The course groups are sparsely populated, because of our course group
schema. Only Instructor and Student are provisioned out of our SIS
system. The rest, for now, are empty, or inherit members from a child
group. As the semester progresses, the many of the courses will have
empty groups manually provisioned with a small number of members. Our
course groups are organized in stems as
COURSE:SUBJECT:NUMBER:YEAR-TERM:SECTION, with 9 groups per section:

All 1087 course groups with 60 members, on average
(inherited from Administrator and Learner)
Administrator 1087 course groups with 1 member (inherited
from Instructor)
Instructor 1087 course groups with 1 member
TeachingAssistant 1087 course groups with 0 members
ContentDeveloper 1087 course groups with 0 members
Learner 1087 course groups with 29 members, on average
(inherited from Student)
Student 1087 course groups with 29 members, on average
Auditor 1087 course groups with 0 members
Vagabond 1087 course groups with 0 members

You may recognize some of these groups as eduCourse roles, but our
Learner group consists of brownEduCourse roles.

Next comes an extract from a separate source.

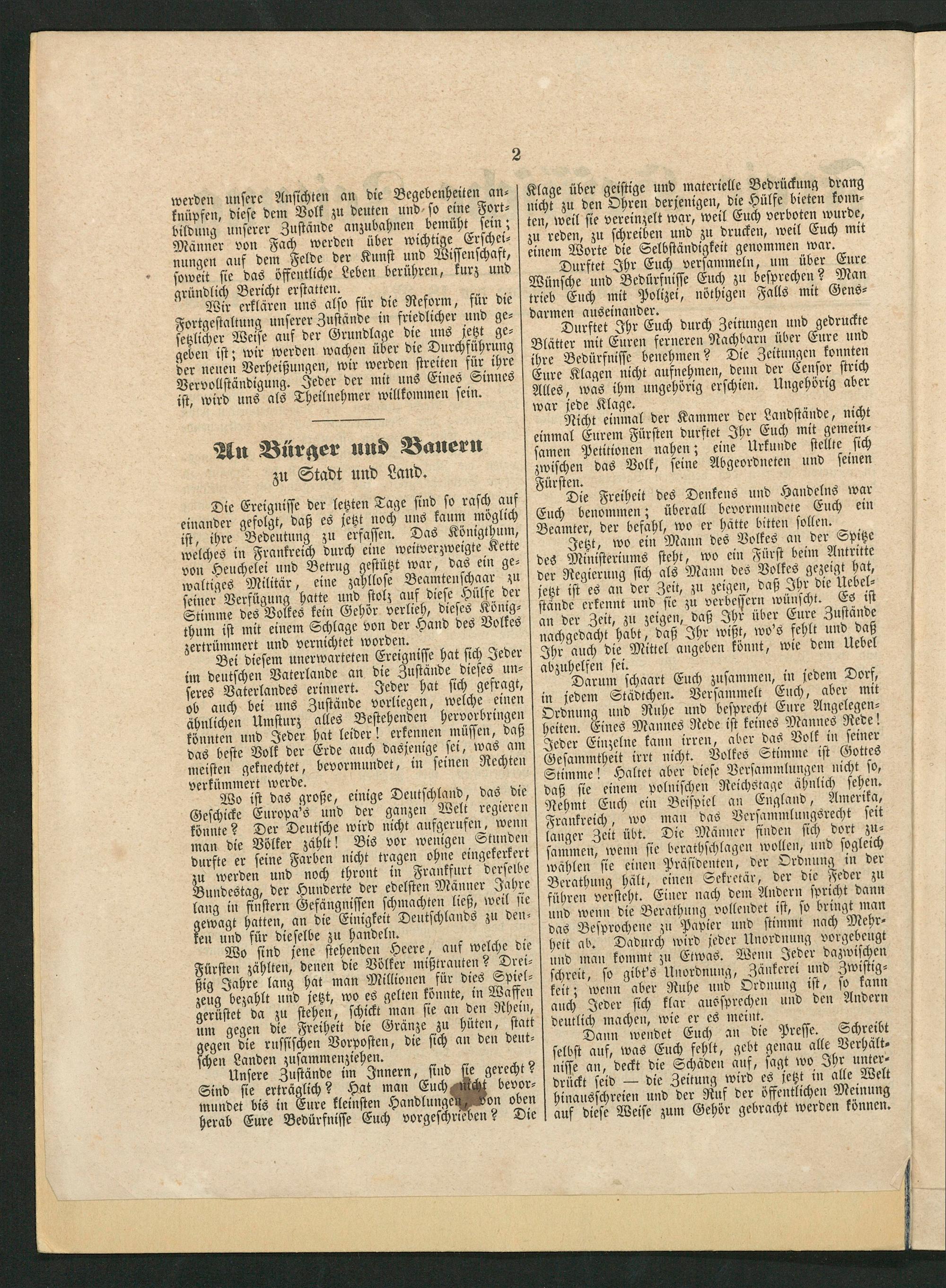 Durftet Ihr Euch durch Zeitungen und gedruckte Blätter mit Euren ferneren Nachbarn über Eure und ihre Bedürfnisse benehmen? Die Zeitungen konnten Eure Klagen nicht aufnehmen, denn der Censor strich Alles, was ihm ungehörig erschien. Ungehörig aber war jede Klage.

This performance is acceptable for now, although we would of course like
to reduce the runtime, since there will be high turnover in our course
groups several times per year, as students rush to register, and then
change registrations during the shopping period at the beginning of the
term. We don't expect the runtime to equal our initial runtime, but it
could be several hours, depending on the degree of change in the EAB and
course groups. Adding that to the other provisioning tasks we have
running at night, and we could use a performance boost. Also, for
performance and functional reasons, we're very interested an
event-driven model, such as Leif's upcoming JMS work. We would like to
be able to replicate group changes to LDAP in more or less real time, so
we can distribute the load on our servers and better meet our users'
expectations.


If you've bothered to read this far, you may be interested in our QA
results, performance bottlenecks and our log output puzzles, since there
are still a couple issues we have yet to iron out. Any help in
identifying solutions to the following issues would be much appreciated:

1.
The only oddity we see in the quality of the data output in LDAP is that
some groups--and we haven't identified the pattern yet--get an
isMemberOf attribute that includes their parent groups. Also, groups
with child groups list the children as hasMember values. Neither of
these is necessarily bad for us, but they are not necessary, and I
suspect they are due to a config file setting we haven't understood
correctly. Any suggestions?

2.
Performancewise, we're running Grouper and LDAPpc on Red Hat Enterprise
Server 3 on quad processor 64-bit SunFire X4100 intel boxes with 4GB RAM
and a nice quick SAN disk. The app server runs apache 2.2.4, tomcat 5.x
and Sun jdk 5.x. The db server runs Oracle 10g. Our SunOne LDAP server
runs under Solaris on a substantially less beefy box--a SunFire 280R
dual UltraSparcIII with 2GB RAM, without a SAN connection. All servers
are on the same subnet of a Gigabit Ethernetwork. The app server and DB
server tend to clip right along, rarely topping 10% or 20% of total CPU
time. Typically, the ldappc java process runs 50% - 70% of 1 CPU, so
we're not taking full advantage of the multiprocessor systems. If Oracle
bothers to notice the load, it distributes the load nicely across the 4
CPUs, but I have yet to see it break a sweat--typically in the low
single digit percentages of total CPU time. The bottleneck is i/o on the
LDAP server. SunOne tends to chug along at 20% - 30% of CPU, with 40% -
50% of process time waiting on i/o. Reducing access logging on the LDAP
server may help mitigate this issue, as we're producing 250 - 300MB of
LDAP access logs per provisioning run. We're looking into mounting the
LDAP logs on a separate disk or maybe the SAN as well, so we can hold
onto some of our access stats.

3.
Our current LDAPpc log output is much cleaner than it once was. We had
to edit the Grouper StemFinder to prevent thousands of internal
isChild:null log entries. But all we did was disable the logging of the
exception. Tom and Blair have identified the issue, though. Even though
our LDAP provisioning is performing correctly as far as we've been able
to determine, we still produce 8MB of error logs out of LDAPpc due to
entries like these:

2007-07-20 04:07:00,816:
[edu.internet2.middleware.ldappc.synchronize.GroupEntrySynchronizer]
SUBJECT[[ NAME = COURSE:AFRI:1050E:2007Fall:S01:TeachingAssistant ][ ID
= 552adac8-92c1-472d-92c1-31a2ca8f2334 ]] Subject not found using [
subject id = COURSE:AFRI:1050E:2007Fall:S01:TeachingAssistant ][ source
= g:gsa ][ filter =
[base=ou=groups,dc=brown,dc=edu][scope=2][filter=(brownGroupRDN={0})] ]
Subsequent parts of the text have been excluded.